If that doesn't work, then he may be allergic to certain foods like wheat.
ʇɐǝɹƃ ǝɹɐ sƃop
Yes, changing homes can lead to this. My first foster (welcome to the world of fostering indeed) had explosive diarhea and there were many many clean-ups over the first week.
However, after a week now it should no longer be explosive. goopy maybe but not full on diarhea.
What I would do:
- find out what food he was on before (if they did not tell you already) and put him on just that for another month. we always tell families to stay on the same food for at least a month - to give them a chance to settle in before changing yet something else. yes some dogs are fine with a food change, but others are not.
- ask the rescue how his poops were when he came INTO rescue and how they were just before he came to you (if there are poop issues I always tell the adoptive families before they leave with the dog)

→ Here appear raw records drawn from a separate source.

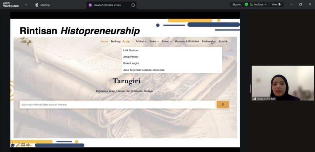“ Semarang, October 17, 2025 – The History Department of the Faculty of Cultural Sciences, Diponegoro University (FIB UNDIP) successfully held an entrepreneurship training entitled “Building the Spirit of Histopreneurship among History Students.” The event was held online via the Zoom digital platform. The event was opened by the Secretary of the History Study Program at FIB UNDIP, Dr. Rabith Jihan Amaruli, M.Hum. In his speech, he said that the spirit of entrepreneurship is important for students in the current era and that history can be used as capital for entrepreneurship. The keynote speaker was Fanada Sholihah, M.Hum., founder and manager of tarugiri.org, a digital platform active in the fields of historical archives, articles, and books. The event was moderated by Bahagio Raharjo, M.A.”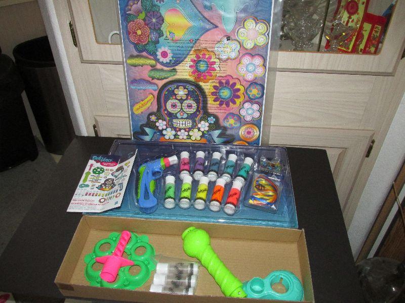 Doh Vinci Mega Color Mix Set. Older but unused. The box is a little beat up. Great for kids crafting.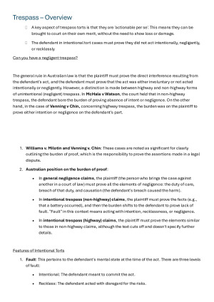 Comprehensive and clear notes for Tort Law. A lot of times, it can get messy trying to extract relevant notes and principles and I have tried my best to clear out any confusion and cluster of irrelevant information. For each Tort, I have included and filtered case law, with a further division into Facts-Outcome. This will way you will not have to scan different documents or wonder which case is relevant. Good luck with your studies :) Topics: Assault Battery False Imprisonment (+ Psychological coercion) Trespass to land, goods Conversion Detinue Private and Public Nuisance Defamation Negligence Negligence in specific situations (medical, sports, pure economic loss) Vicarious Liability Non-delegable Duty -> Remedies (General) -> Elements, liabilities, Defences, Damages are all included within each topic

- I would also add canned pumpkin (but not pie filling, pure pumpkin) to his food, helps firm it up
- I would personally also have a stool sample checked if not already done, even if he was all cleared by the vet when he went into rescue he could have picked something up around the time you brought him home (it happens)
- be careful about not overfeeding, feeding too much can lead to diareah as well.
Last edited by Tanya; 08-23-2011 at 02:51 PM.
Call your vet and ask for Purina Forti Flora. Works wonders on those nervous bowels.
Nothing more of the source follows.